As already mentioned, the body needs less and less as we continue to lose weight. Also, as the body approaches it's ideal weight, it tends to become increasingly resistant to letting you move past (lower) then that point....some people can do it, others hit a wall.

Think about it...right now you're probably ready to survive a few weeks of being sick or a month of famine. Your body doesn't know you have food at your disposal 24/7 or that you're trying to look ripped in your bathing suit....so it's quite happy carrying a bit of fat around the waist.

Same thing with exercise. Heck, I recall when my 12-mile bike ride or night of playing racquetball left me sore the next day...today I can go 3.5 hours and not even feel it. What it comes down to is that the body is amazing when it comes to adapting.


The other issue is....if you do starve yourself down and/or gets nuts on the cardio....you'll probably lose that weight, but will you have to utterly & endlessly maintain that intensity to maintain that leaness?
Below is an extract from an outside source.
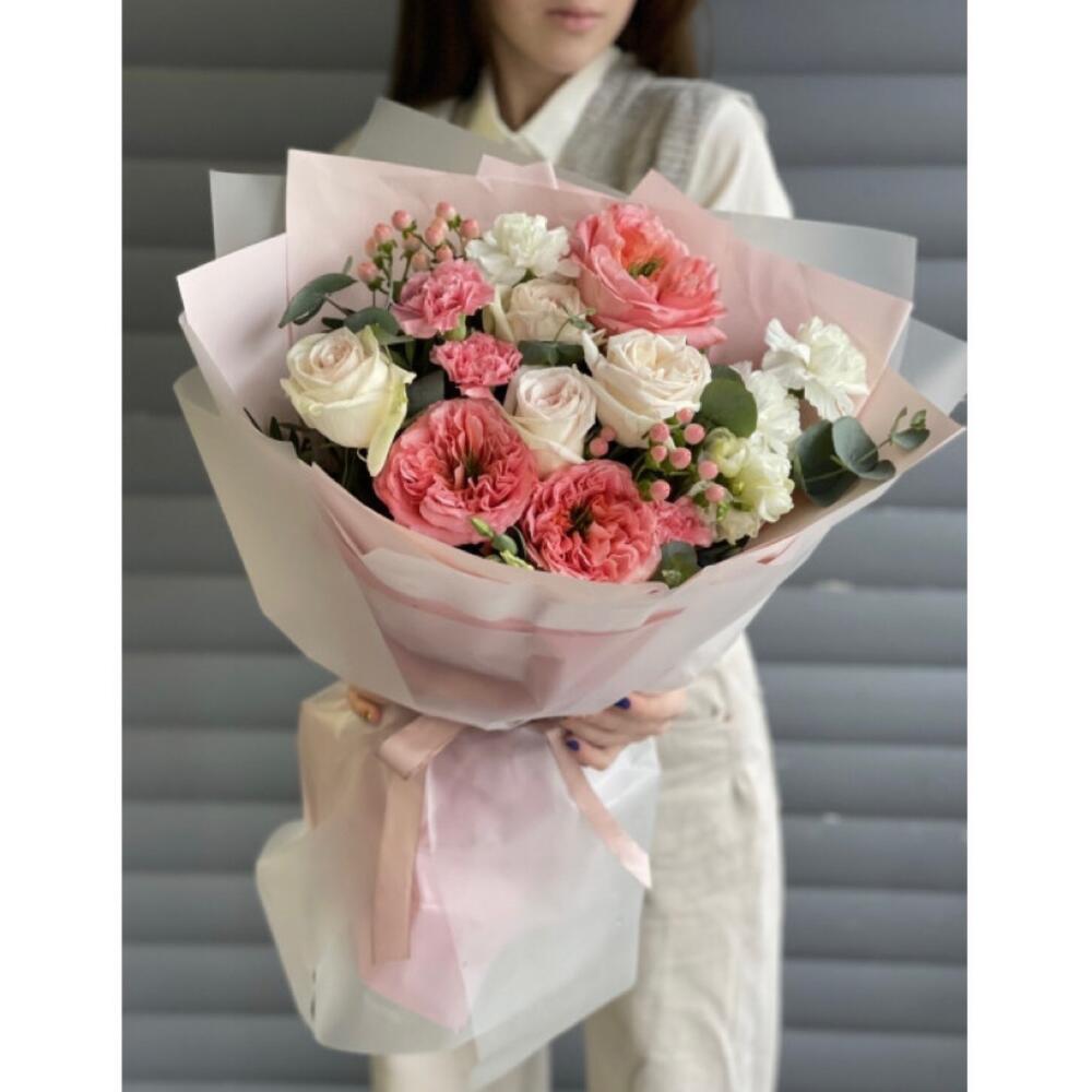 Гвоздики, Лизиантусы, Розы, Тюльпаны

Do what you can, do what you want....but in the end it's best to reconsile that you should try to be the best you can be within the range of what you are comfortable maintaining. I know people who endure constant hunger pangs and do so much cardio that they'll need knee & hip replacement FOR SURE when they get older....but looking good in that bathing suit of getting uber-top performance is more important to them. Much like anything in life, it's about what's important to you. Strive to be your best, but keep things in perspective. Statistics show that only 5% of men say they are happy with their body

(and 80% of those 5% just said that to be cool, the other 20% of those 5% we're just lying. :D)
 
Yep, I guess my body is adapting quite well. I did a 10k run last night, in just under an hour, and although I was pretty tired afterwards, within an hour I felt fine and this morning I feel nothing at all. A couple of months back doing a 2k absolutely killed me!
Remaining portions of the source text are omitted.